▸ **Task requirements**: Take the records below and set down exactly the lines from the one with "Gniazdo poczwórne Schuko" to the one with "2012年11月5--9日羅非魚周報 |", ends included; do not copy the pictures.

═════ Dataset excerpts ═════

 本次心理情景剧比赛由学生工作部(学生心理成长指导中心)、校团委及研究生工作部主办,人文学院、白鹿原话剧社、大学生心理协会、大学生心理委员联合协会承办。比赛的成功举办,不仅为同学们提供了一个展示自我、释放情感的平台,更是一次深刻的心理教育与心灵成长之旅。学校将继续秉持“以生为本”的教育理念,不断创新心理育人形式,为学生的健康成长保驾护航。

═════
═════ Dataset excerpts ═════

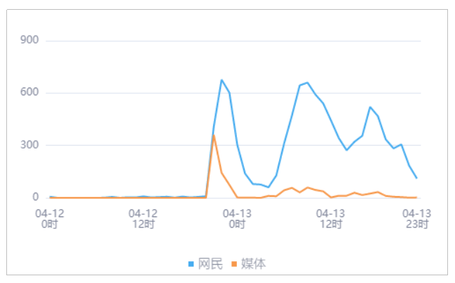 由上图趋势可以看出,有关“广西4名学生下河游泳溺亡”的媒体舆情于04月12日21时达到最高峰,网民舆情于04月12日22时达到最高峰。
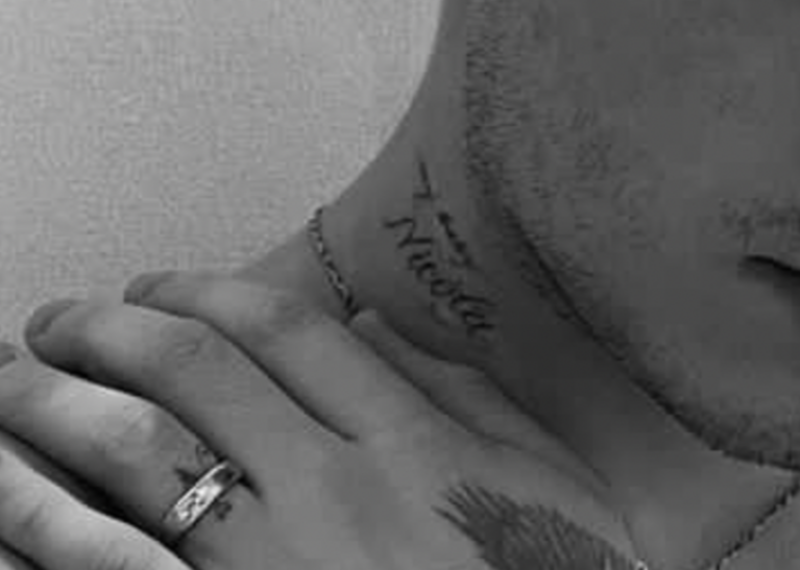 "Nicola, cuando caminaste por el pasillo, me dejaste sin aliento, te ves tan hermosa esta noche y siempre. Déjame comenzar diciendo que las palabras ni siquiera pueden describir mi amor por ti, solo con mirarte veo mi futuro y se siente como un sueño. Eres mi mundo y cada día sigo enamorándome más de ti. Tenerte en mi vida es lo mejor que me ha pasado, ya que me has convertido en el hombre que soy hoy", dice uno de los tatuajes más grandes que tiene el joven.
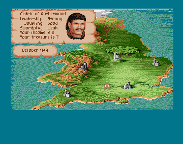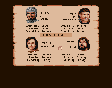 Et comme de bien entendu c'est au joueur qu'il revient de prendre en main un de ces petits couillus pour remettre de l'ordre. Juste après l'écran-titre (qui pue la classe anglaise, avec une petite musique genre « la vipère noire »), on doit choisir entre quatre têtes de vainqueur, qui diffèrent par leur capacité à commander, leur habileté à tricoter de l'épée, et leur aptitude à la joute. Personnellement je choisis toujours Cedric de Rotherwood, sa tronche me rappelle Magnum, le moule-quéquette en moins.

═════
═════ Dataset excerpts ═════

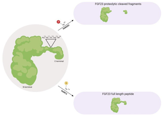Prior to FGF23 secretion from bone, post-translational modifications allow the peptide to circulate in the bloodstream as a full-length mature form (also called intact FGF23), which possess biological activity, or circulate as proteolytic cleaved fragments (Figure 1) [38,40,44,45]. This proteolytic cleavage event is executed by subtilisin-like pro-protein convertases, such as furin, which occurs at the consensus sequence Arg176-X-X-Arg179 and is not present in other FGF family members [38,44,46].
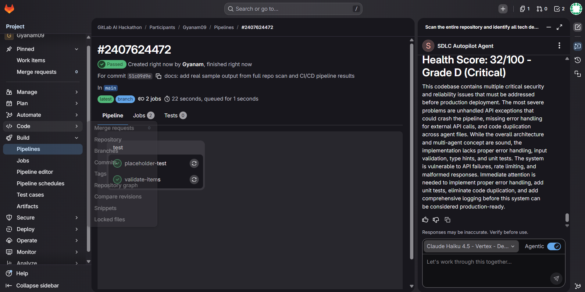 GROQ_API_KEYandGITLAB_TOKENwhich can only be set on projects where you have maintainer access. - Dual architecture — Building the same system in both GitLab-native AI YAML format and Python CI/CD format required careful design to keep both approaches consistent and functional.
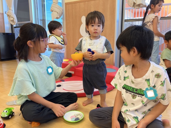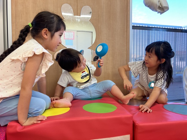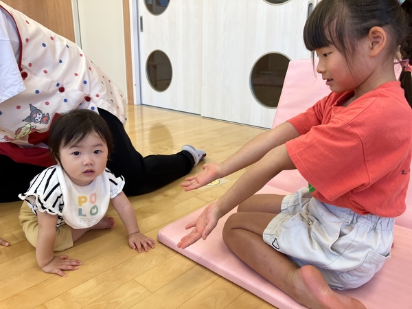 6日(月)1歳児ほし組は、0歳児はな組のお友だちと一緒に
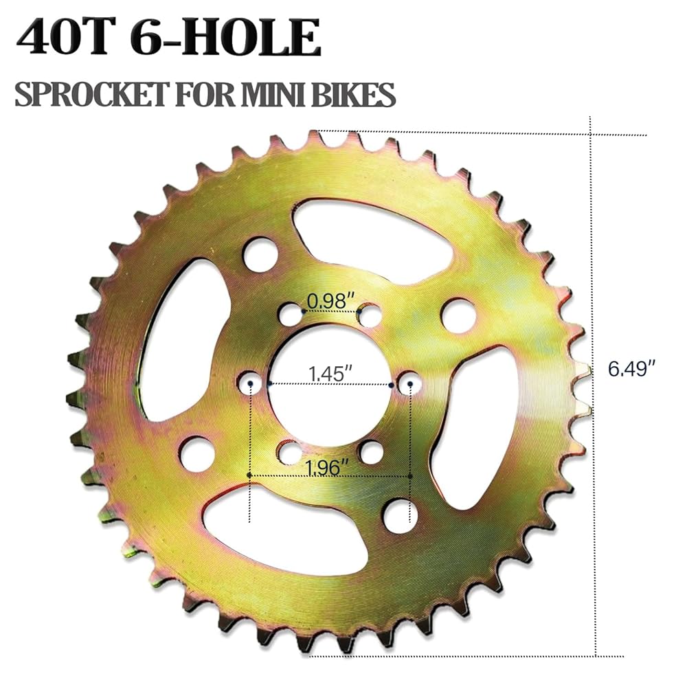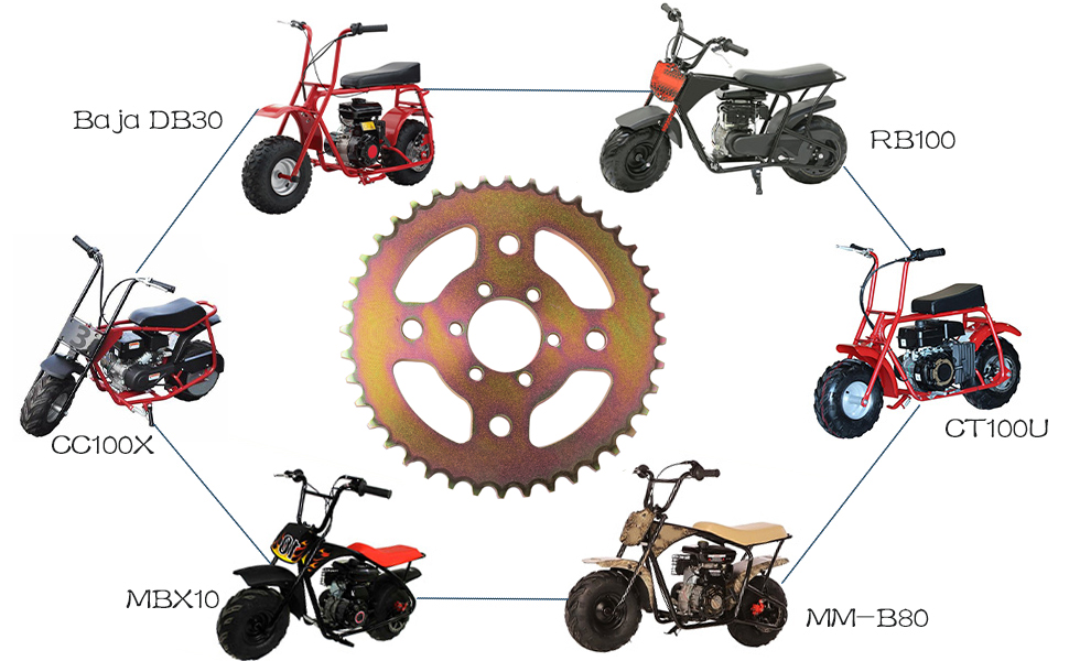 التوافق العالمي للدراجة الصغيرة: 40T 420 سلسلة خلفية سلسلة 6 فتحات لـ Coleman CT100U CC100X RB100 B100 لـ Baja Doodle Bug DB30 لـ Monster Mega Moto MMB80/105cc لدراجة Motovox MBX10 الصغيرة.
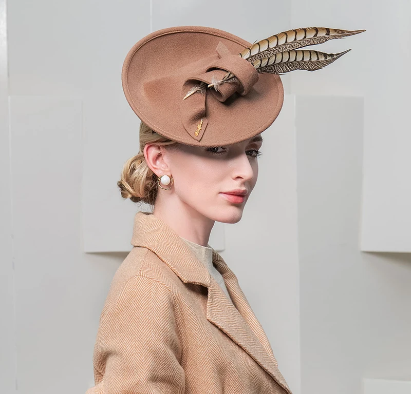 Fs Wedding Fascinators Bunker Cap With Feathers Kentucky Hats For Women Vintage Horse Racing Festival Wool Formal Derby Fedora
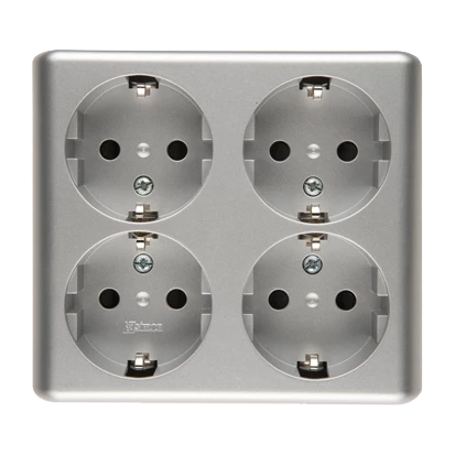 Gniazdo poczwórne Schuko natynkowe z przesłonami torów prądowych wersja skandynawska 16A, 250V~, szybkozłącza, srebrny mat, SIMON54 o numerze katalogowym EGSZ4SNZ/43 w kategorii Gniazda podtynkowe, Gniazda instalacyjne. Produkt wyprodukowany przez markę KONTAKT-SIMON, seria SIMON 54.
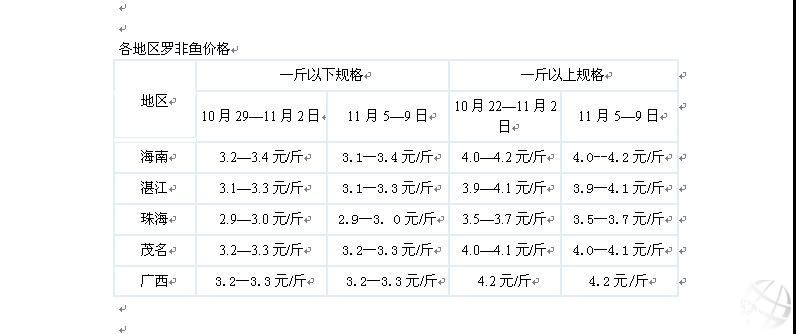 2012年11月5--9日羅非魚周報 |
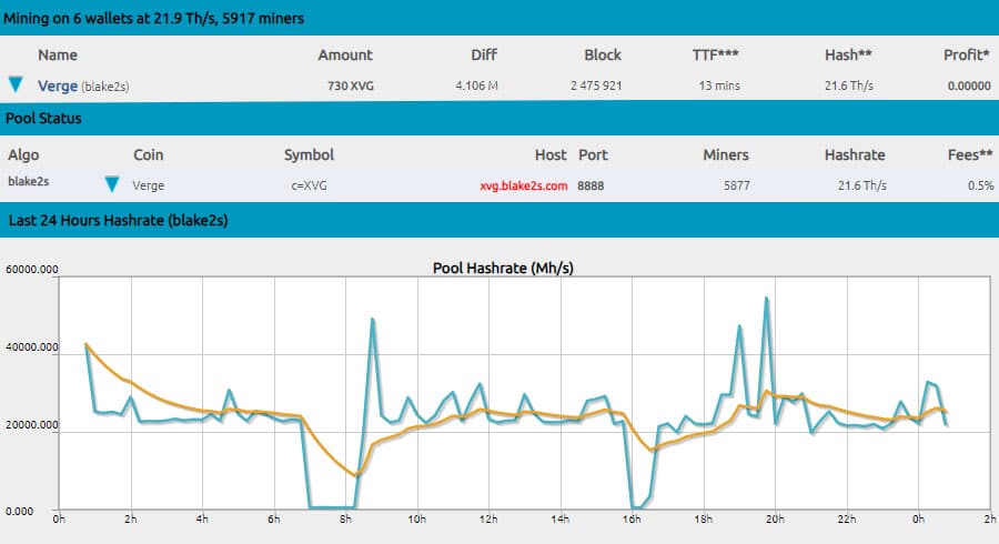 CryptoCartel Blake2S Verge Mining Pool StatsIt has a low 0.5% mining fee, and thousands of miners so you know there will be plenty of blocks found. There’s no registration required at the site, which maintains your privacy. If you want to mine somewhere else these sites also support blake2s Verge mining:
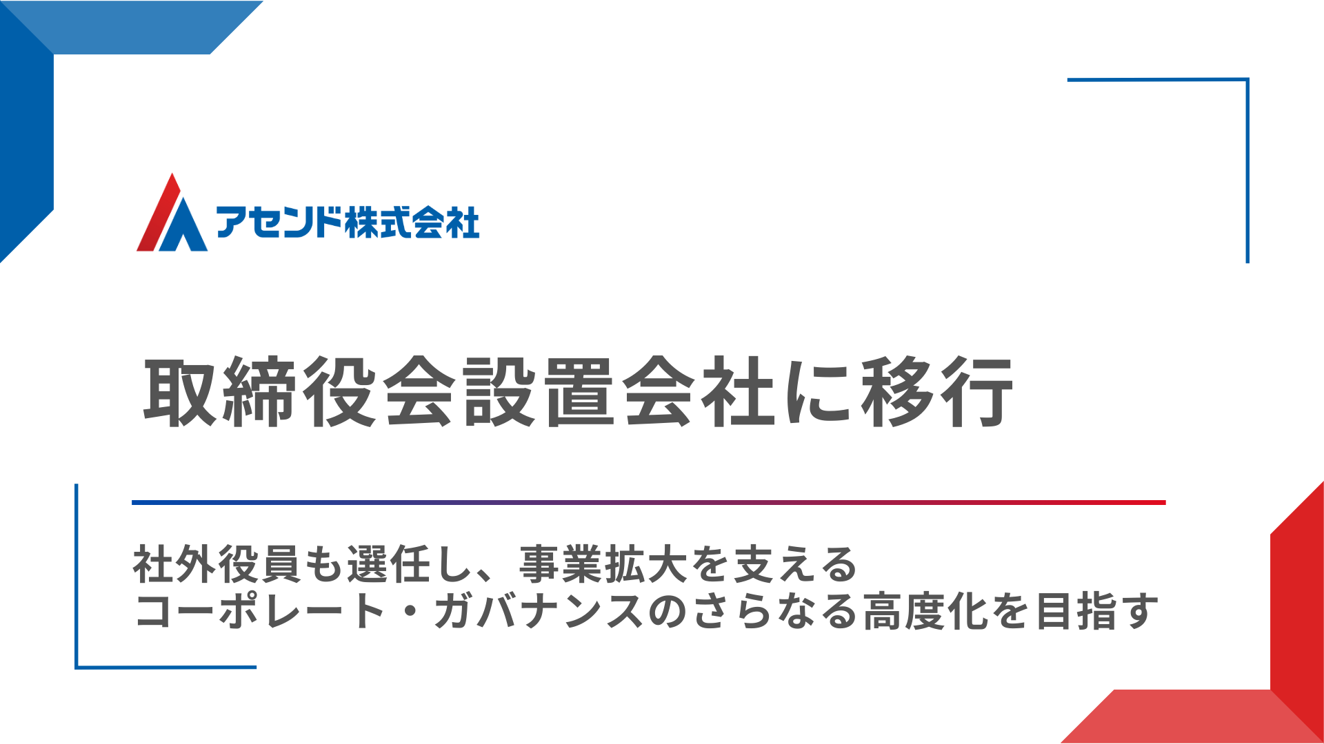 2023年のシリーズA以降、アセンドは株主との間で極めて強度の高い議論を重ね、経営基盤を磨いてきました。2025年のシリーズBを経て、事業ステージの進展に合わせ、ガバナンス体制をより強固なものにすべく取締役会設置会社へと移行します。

═════

▸ **Task output**:
 Gniazdo poczwórne Schuko natynkowe z przesłonami torów prądowych wersja skandynawska 16A, 250V~, szybkozłącza, srebrny mat, SIMON54 o numerze katalogowym EGSZ4SNZ/43 w kategorii Gniazda podtynkowe, Gniazda instalacyjne. Produkt wyprodukowany przez markę KONTAKT-SIMON, seria SIMON 54.
 2012年11月5--9日羅非魚周報 |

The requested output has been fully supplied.